The lower salary compensates the principals for the expected opportunistic behavior
of the agents.

To reduce the managers’ ability to be opportunistic (with consequent implications for


increasing the managers’ bonuses), the contractual agreements will be put in place
upfront to reduce the ability of the managers to manipulate accounting profits.
Such agreements may include a clause which restricts the choice of management has
when selecting between alternative accounting methods or it may include a
requirement that the financial statements be audited by an independent third party
who will attest to whether appropriate accounting methods have been selected by the
maneger.

Question 4
Conservative accounting policies are those methods that tend to delay the recognition of
revenue, accelerate the recognition of revenue, accelerate the recognition of expenses, and
tend to lead to lower asset and higher liability recognition.
For example, measuring assets at lower of cost (or recoverable amount) and not fair value.
This means that increases in fair value would not be recognised (keeping asset values lower),
but if there is a decrease in value then a reduction in assets, and a consequent expense, would
be recognised.
The use of fair values is more subjective.
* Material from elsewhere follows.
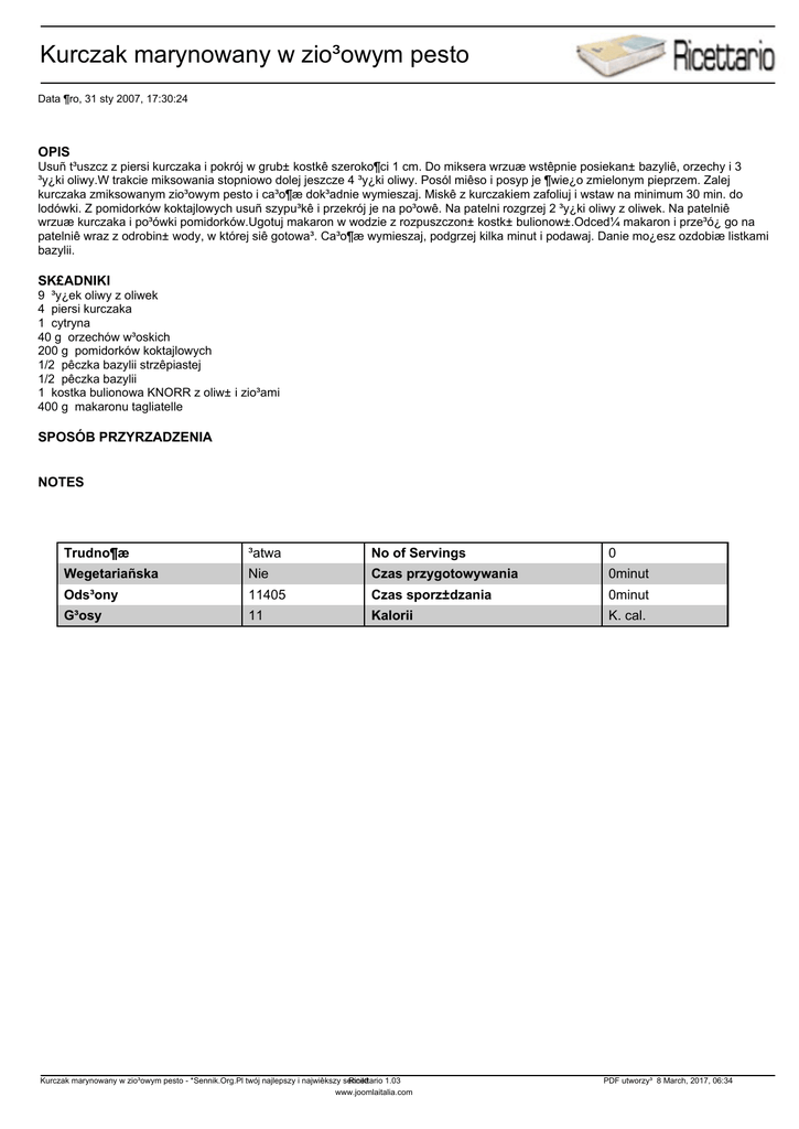 Kurczak marynowany w zio³owym pesto Data ¶ro, 31 sty 2007, 17:30:24 OPIS Usuñ t³uszcz z piersi kurczaka i pokrój w grub± kostkê szeroko¶ci 1 cm. Do miksera wrzuæ wstêpnie posiekan± bazyliê, orzechy i 3 ³y¿ki oliwy.W trakcie miksowania stopniowo dolej jeszcze 4 ³y¿ki oliwy. Posól miêso i posyp je ¶wie¿o zmielonym pieprzem. Zalej kurczaka zmiksowanym zio³owym pesto i ca³o¶æ dok³adnie wymieszaj. Miskê z kurczakiem zafoliuj i wstaw na minimum 30 min. do lodówki. Z pomidorków koktajlowych usuñ szypu³kê i przekrój je na po³owê. Na patelni rozgrzej 2 ³y¿ki oliwy z oliwek. Na patelniê wrzuæ kurczaka i po³ówki pomidorków.Ugotuj makaron w wodzie z rozpuszczon± kostk± bulionow±.Odced¼ makaron i prze³ó¿ go na patelniê wraz z odrobin± wody, w której siê gotowa³. Ca³o¶æ wymieszaj, podgrzej kilka minut i podawaj. Danie mo¿esz ozdobiæ listkami bazylii. SK£ADNIKI 9 ³y¿ek oliwy z oliwek 4 piersi kurczaka 1 cytryna 40 g orzechów w³oskich 200 g pomidorków koktajlowych 1/2 pêczka bazylii strzêpiastej 1/2 pêczka bazylii 1 kostka bulionowa KNORR z oliw± i zio³ami 400 g makaronu tagliatelle SPOSÓB PRZYRZADZENIA NOTES Trudno¶æ ³atwa No of Servings 0 Wegetariañska Nie Czas przygotowywania 0minut Ods³ony 11405 Czas sporz±dzania 0minut G³osy 11 Kalorii K. cal. Kurczak marynowany w zio³owym pesto - *Sennik.Org.Pl twój najlepszy i najwiêkszy sennik! Ricettario 1.03 www.joomlaitalia.com PDF utworzy³ 8 March, 2017, 06:34

The use of fair values provides management with
some discretion in determining by use of a valuation model rather than on the basis of quoted
prices in active markets.

Conservative accounting – bonus plan contracting


One explanation for why firms might choose to implement conservative accounting practices
lies in efficient contracting theory, i.e. conservative accounting can be used as part of a firm’s
strategy to mitigate the conflicts that arise among the many claimants of a firm’s net assets.
This is due to the fact that conservative accounting methods place constraints on the
distribution of those net assets thereby limiting the scope for self-serving opportunistic
behavior.

As reflected in the above quote, because conservative accounting methods can reduce the
possibility that management will undertake opportunistic earnings management,
organisations that use conservative accounting methods might be able to attract debt and
equity capital at a lower cost because of perceptions about lower risk.